The whole listing, exactly as given: write it out, leaving out each image.

== MATERIAL PROVIDED ==

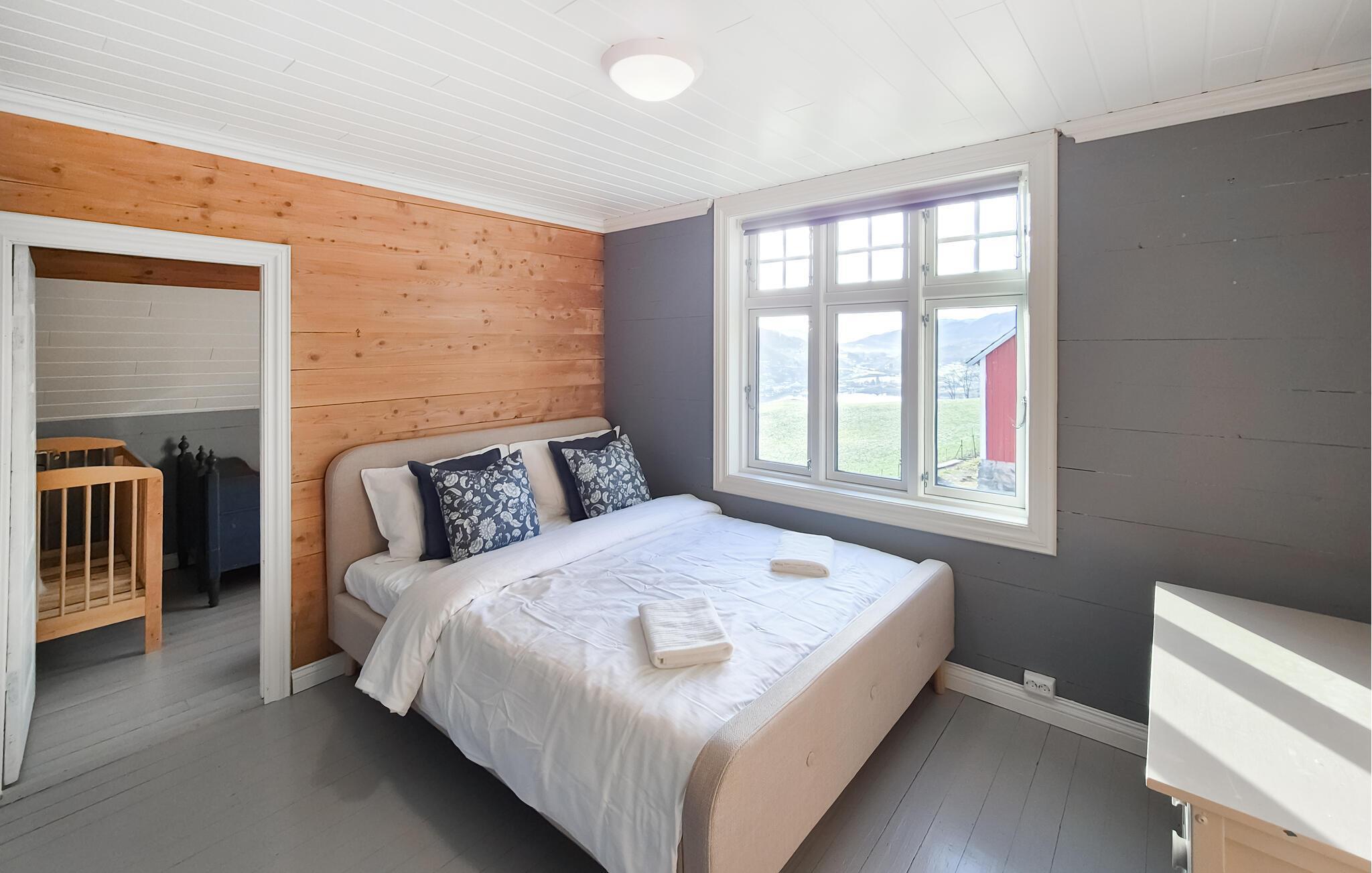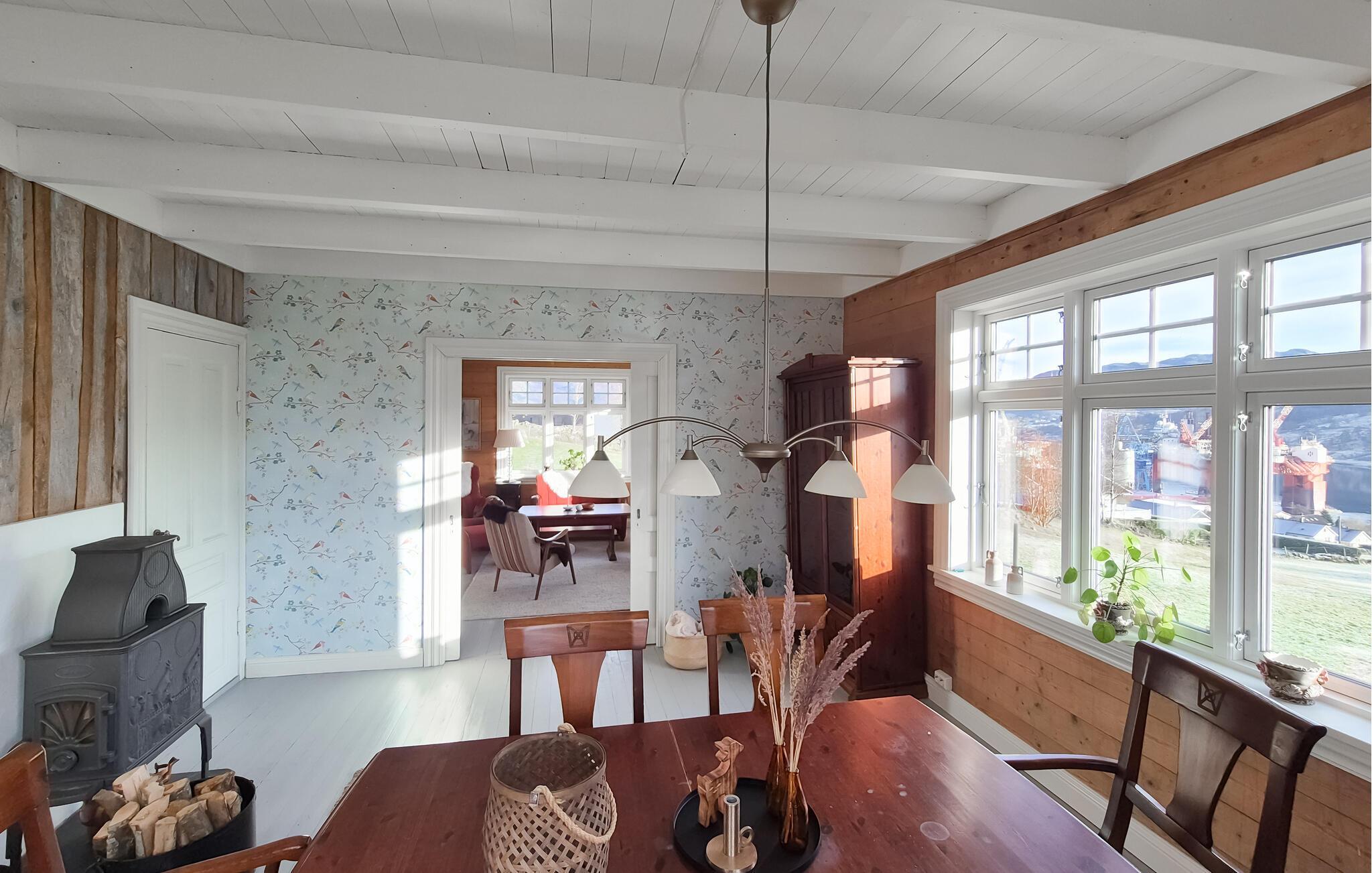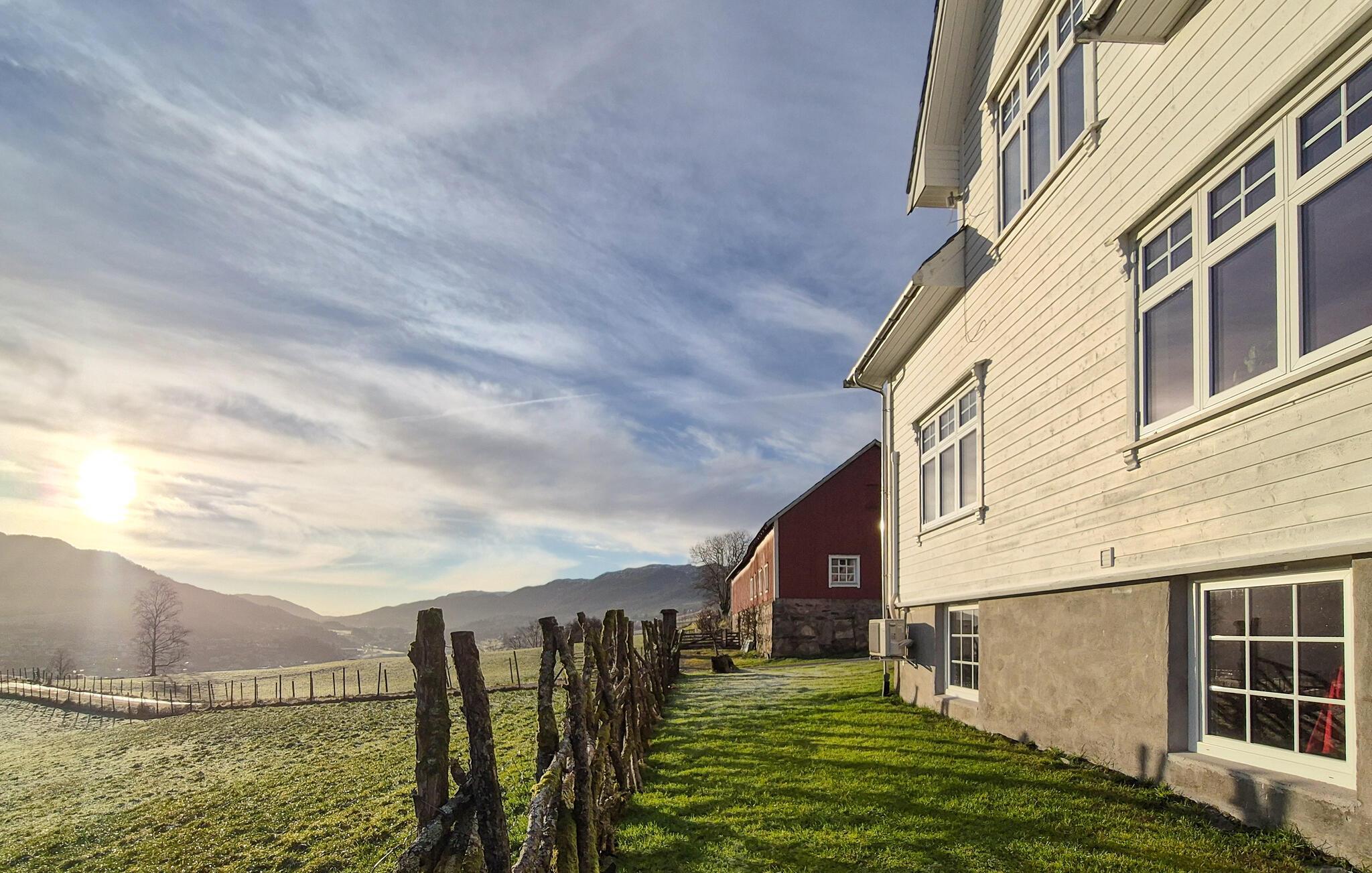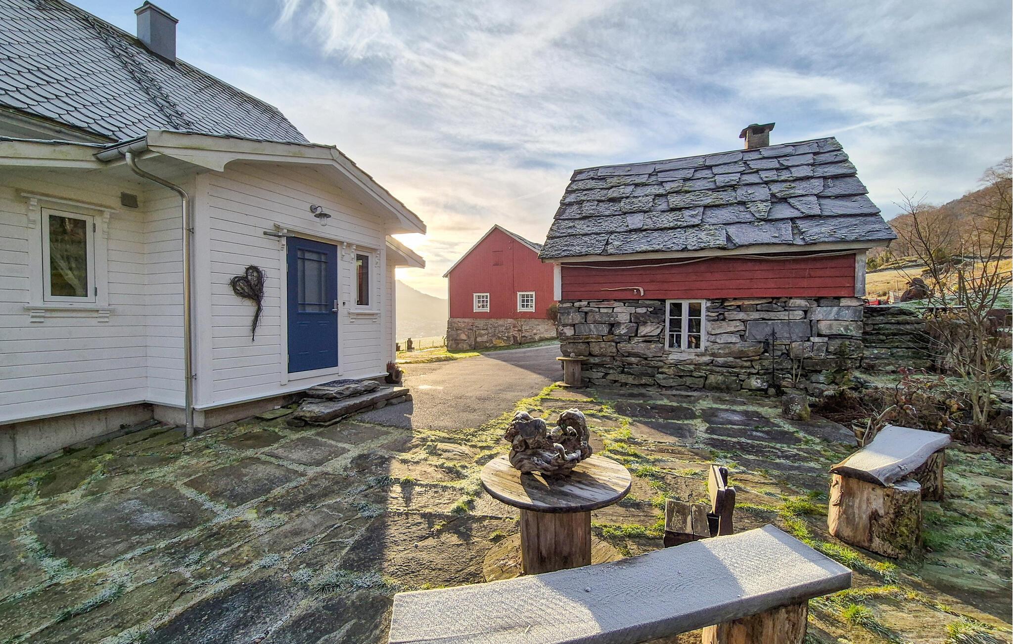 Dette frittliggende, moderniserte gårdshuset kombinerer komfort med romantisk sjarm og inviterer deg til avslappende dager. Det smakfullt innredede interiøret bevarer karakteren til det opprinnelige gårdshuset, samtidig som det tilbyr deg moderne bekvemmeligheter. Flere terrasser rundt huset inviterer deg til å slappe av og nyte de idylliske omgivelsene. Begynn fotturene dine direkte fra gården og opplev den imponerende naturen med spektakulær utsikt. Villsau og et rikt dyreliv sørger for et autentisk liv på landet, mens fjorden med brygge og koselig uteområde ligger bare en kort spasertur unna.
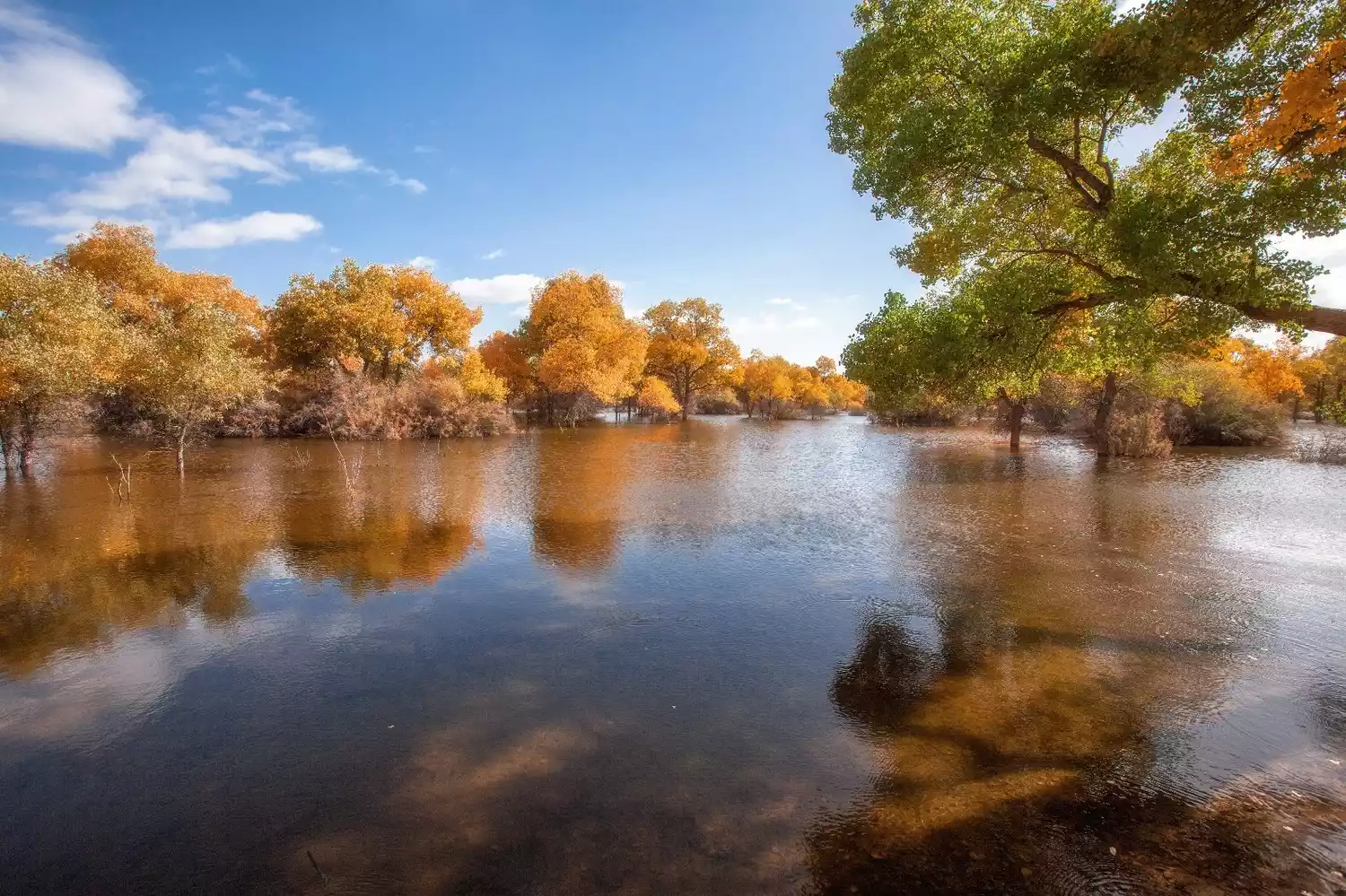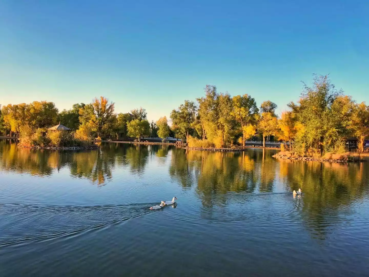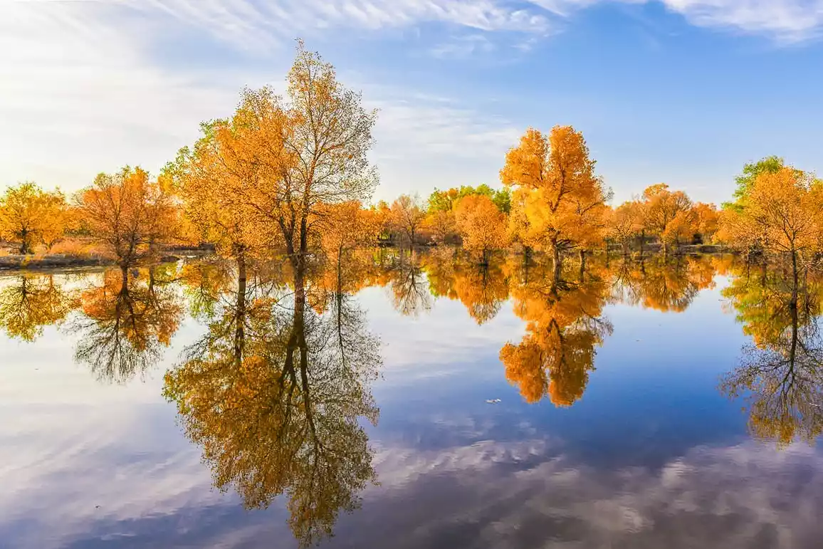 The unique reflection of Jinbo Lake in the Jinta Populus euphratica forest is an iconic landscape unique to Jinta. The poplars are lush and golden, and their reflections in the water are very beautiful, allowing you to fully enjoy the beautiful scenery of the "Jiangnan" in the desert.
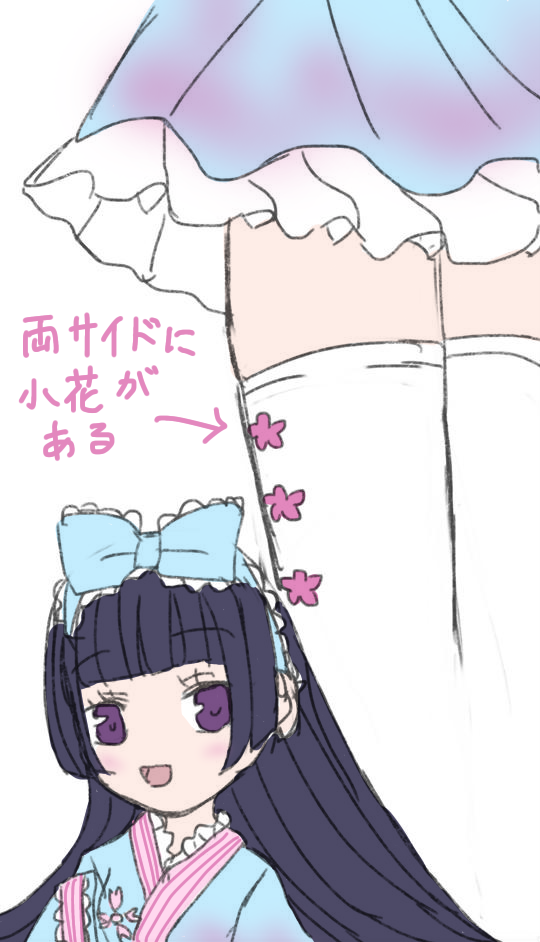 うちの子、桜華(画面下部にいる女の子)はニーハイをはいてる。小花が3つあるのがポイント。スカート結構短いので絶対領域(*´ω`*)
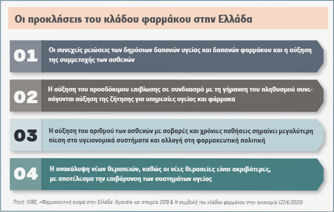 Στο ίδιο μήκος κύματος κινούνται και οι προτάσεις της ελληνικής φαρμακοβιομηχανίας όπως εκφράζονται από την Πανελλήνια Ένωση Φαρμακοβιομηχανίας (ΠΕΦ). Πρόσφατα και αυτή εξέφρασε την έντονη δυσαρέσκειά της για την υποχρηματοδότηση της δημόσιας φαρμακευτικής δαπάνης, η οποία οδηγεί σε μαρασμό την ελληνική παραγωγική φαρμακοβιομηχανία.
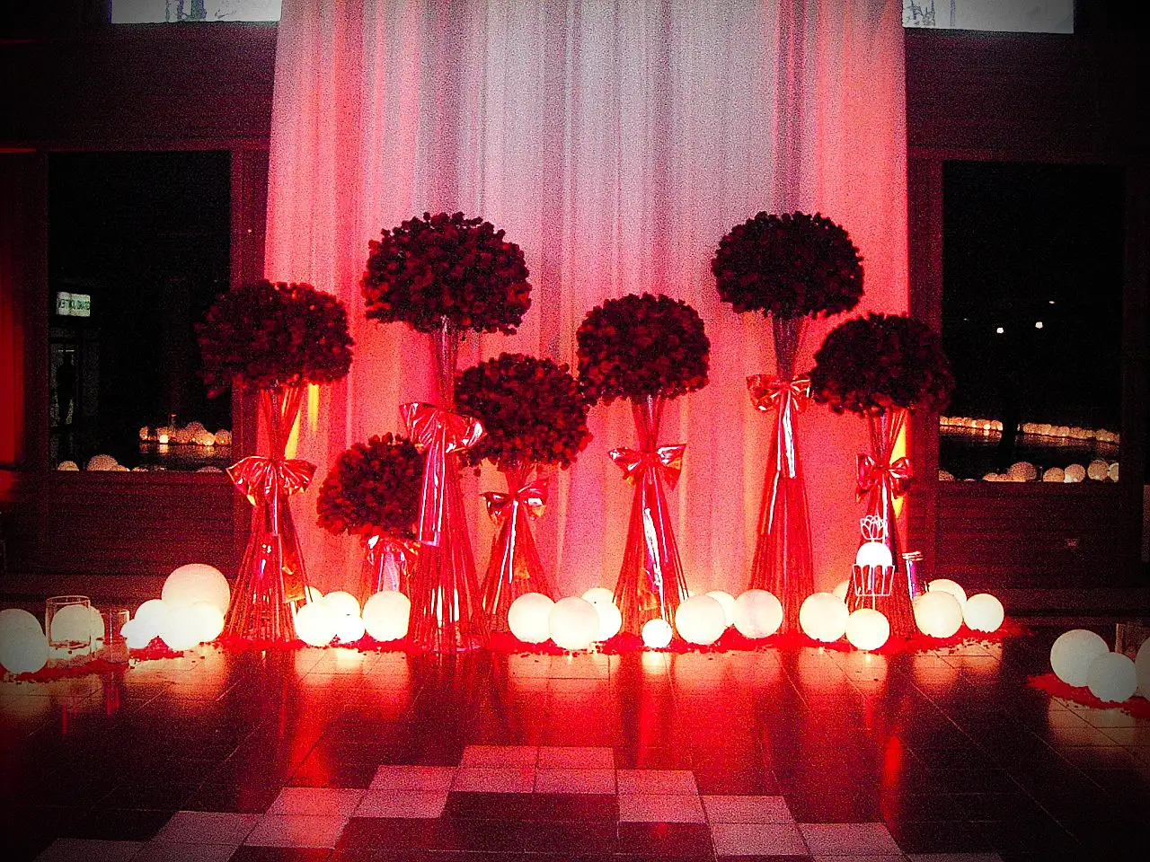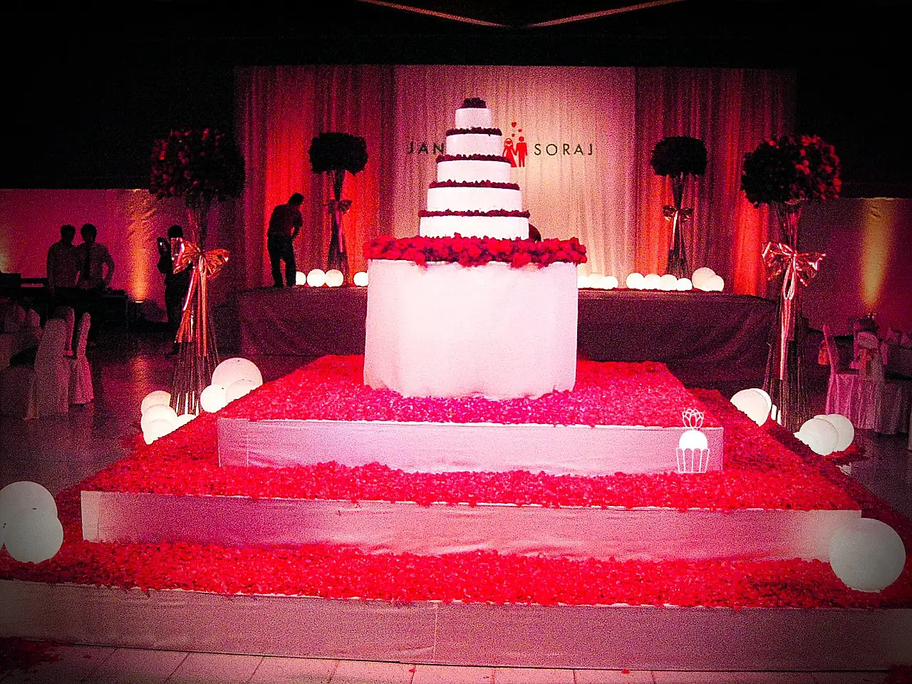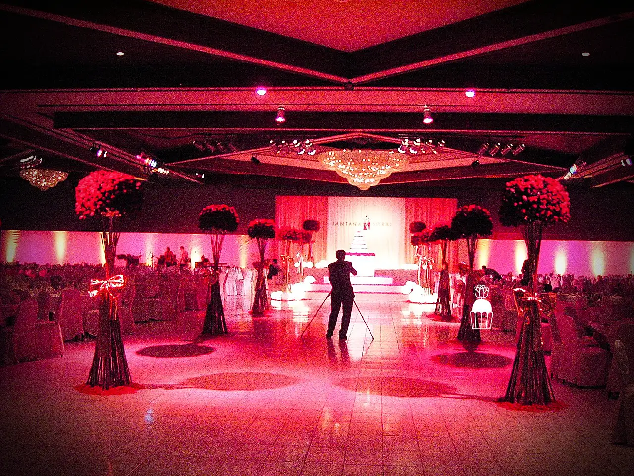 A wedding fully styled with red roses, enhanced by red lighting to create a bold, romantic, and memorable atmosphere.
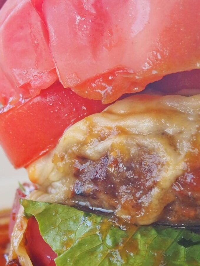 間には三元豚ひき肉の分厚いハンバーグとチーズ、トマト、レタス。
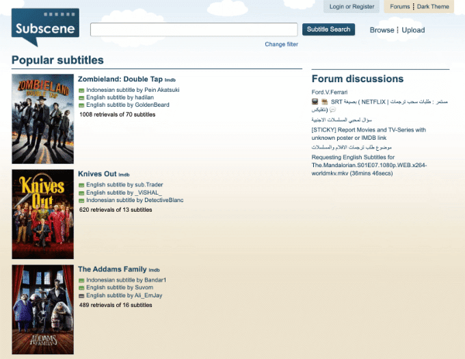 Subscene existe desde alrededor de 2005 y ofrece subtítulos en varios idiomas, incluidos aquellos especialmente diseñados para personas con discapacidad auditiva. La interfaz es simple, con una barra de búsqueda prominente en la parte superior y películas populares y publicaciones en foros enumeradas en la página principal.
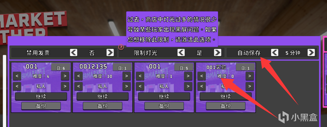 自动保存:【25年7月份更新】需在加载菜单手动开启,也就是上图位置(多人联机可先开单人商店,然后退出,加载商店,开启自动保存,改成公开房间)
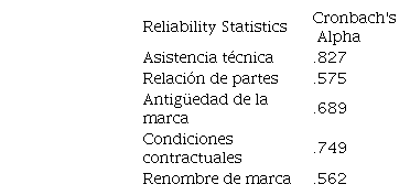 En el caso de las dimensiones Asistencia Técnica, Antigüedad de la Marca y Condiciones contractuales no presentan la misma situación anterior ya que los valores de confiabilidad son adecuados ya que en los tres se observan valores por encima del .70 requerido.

===

ANSWER SECTION:
 Dette frittliggende, moderniserte gårdshuset kombinerer komfort med romantisk sjarm og inviterer deg til avslappende dager. Det smakfullt innredede interiøret bevarer karakteren til det opprinnelige gårdshuset, samtidig som det tilbyr deg moderne bekvemmeligheter. Flere terrasser rundt huset inviterer deg til å slappe av og nyte de idylliske omgivelsene. Begynn fotturene dine direkte fra gården og opplev den imponerende naturen med spektakulær utsikt. Villsau og et rikt dyreliv sørger for et autentisk liv på landet, mens fjorden med brygge og koselig uteområde ligger bare en kort spasertur unna.
 The unique reflection of Jinbo Lake in the Jinta Populus euphratica forest is an iconic landscape unique to Jinta. The poplars are lush and golden, and their reflections in the water are very beautiful, allowing you to fully enjoy the beautiful scenery of the "Jiangnan" in the desert.
 うちの子、桜華(画面下部にいる女の子)はニーハイをはいてる。小花が3つあるのがポイント。スカート結構短いので絶対領域(*´ω`*)
 Στο ίδιο μήκος κύματος κινούνται και οι προτάσεις της ελληνικής φαρμακοβιομηχανίας όπως εκφράζονται από την Πανελλήνια Ένωση Φαρμακοβιομηχανίας (ΠΕΦ). Πρόσφατα και αυτή εξέφρασε την έντονη δυσαρέσκειά της για την υποχρηματοδότηση της δημόσιας φαρμακευτικής δαπάνης, η οποία οδηγεί σε μαρασμό την ελληνική παραγωγική φαρμακοβιομηχανία.
 A wedding fully styled with red roses, enhanced by red lighting to create a bold, romantic, and memorable atmosphere.
 間には三元豚ひき肉の分厚いハンバーグとチーズ、トマト、レタス。
 Subscene existe desde alrededor de 2005 y ofrece subtítulos en varios idiomas, incluidos aquellos especialmente diseñados para personas con discapacidad auditiva. La interfaz es simple, con una barra de búsqueda prominente en la parte superior y películas populares y publicaciones en foros enumeradas en la página principal.
 自动保存:【25年7月份更新】需在加载菜单手动开启,也就是上图位置(多人联机可先开单人商店,然后退出,加载商店,开启自动保存,改成公开房间)
 En el caso de las dimensiones Asistencia Técnica, Antigüedad de la Marca y Condiciones contractuales no presentan la misma situación anterior ya que los valores de confiabilidad son adecuados ya que en los tres se observan valores por encima del .70 requerido.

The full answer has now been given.